Concept-LDA: Incorporating Babelfy into LDA for aspect extraction


Journal of Information Science, cilt.46, ss.406-418, 2020 (SCI Expanded İndekslerine Giren Dergi) identifier identifier

  • Cilt numarası: 46 Konu: 3
  • Basım Tarihi: 2020
  • Doi Numarası: 10.1177/0165551519845854
  • Dergi Adı: Journal of Information Science
  • Sayfa Sayıları: ss.406-418


© The Author(s) 2019.Latent Dirichlet allocation (LDA) is one of the probabilistic topic models; it discovers the latent topic structure in a document collection. The basic assumption under LDA is that documents are viewed as a probabilistic mixture of latent topics; a topic has a probability distribution over words and each document is modelled on the basis of a bag-of-words model.
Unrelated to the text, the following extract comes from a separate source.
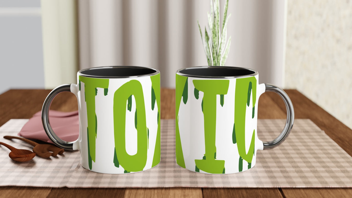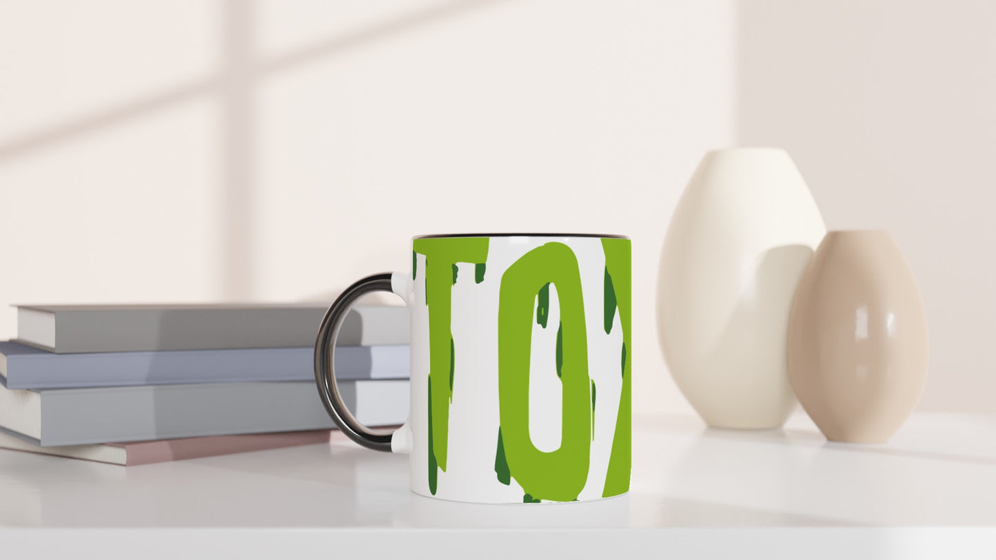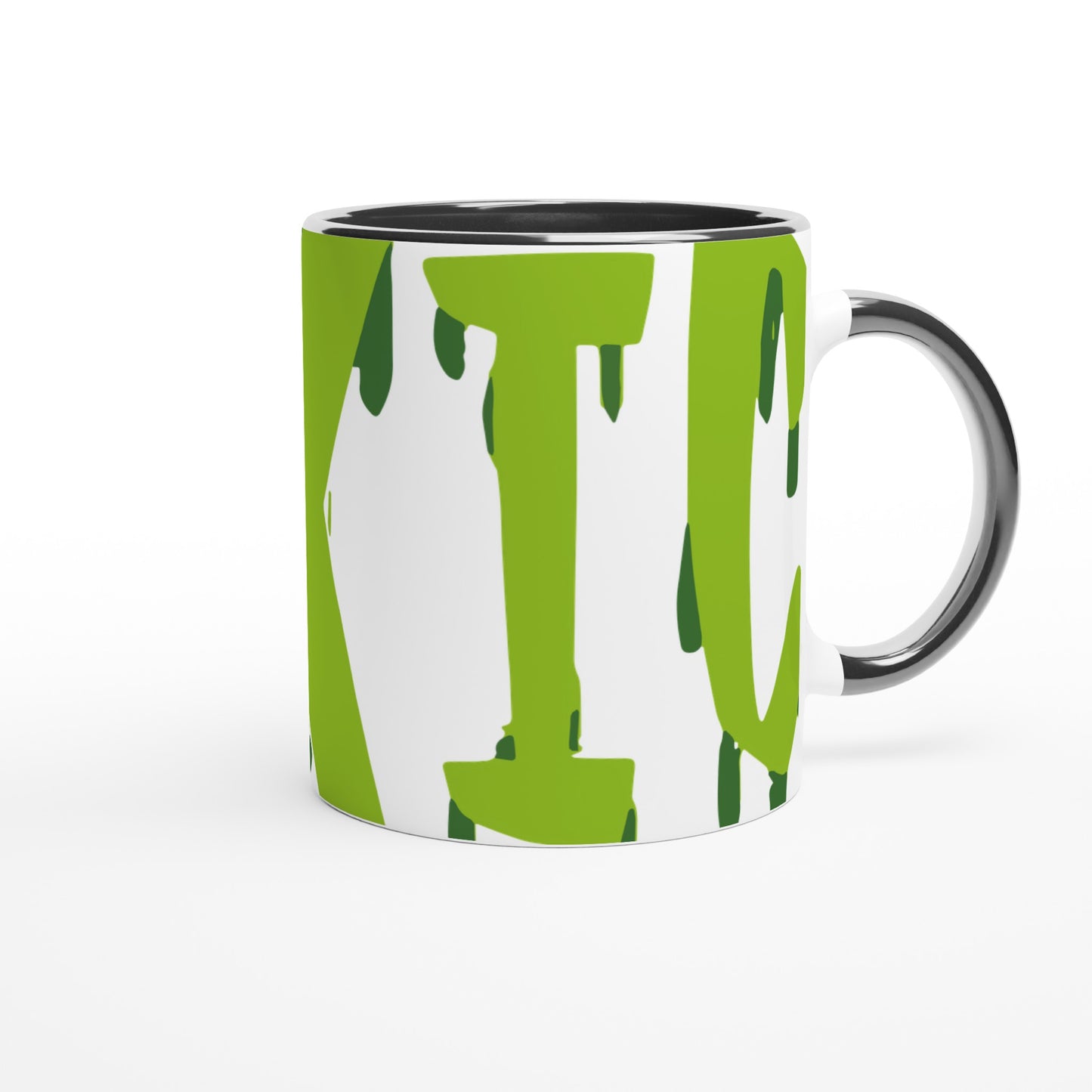This beautiful ceramic mug is perfect for any event of the day. Your morning coffee, a hot chocolate, or any other hot beverage you enjoy. The mug is glossy white with a colored rim, inside, and handle. The prints come out beautifully and vividly on it. The print retains its quality and luster when used in both microwaves and the dishwasher.

The topic models such as LDA are sufficient in learning hidden topics but they do not take into account the deeper semantic knowledge of a document. In this article, we propose a novel method based on topic modelling to determine the latent aspects of online review documents. In the proposed model, which is called Concept-LDA, the feature space of reviews is enriched with the concepts and named entities, which are extracted from Babelfy to obtain topics that contain not only co-occurred words but also semantically related words. The performance in terms of topic coherence and topic quality is reported over 10 publicly available datasets, and it is demonstrated that Concept-LDA achieves better topic representations than an LDA model alone, as measured by topic coherence and F-measure. The learned topic representation by Concept-LDA leads to accurate and an easy aspect extraction task in an aspect-based sentiment analysis system.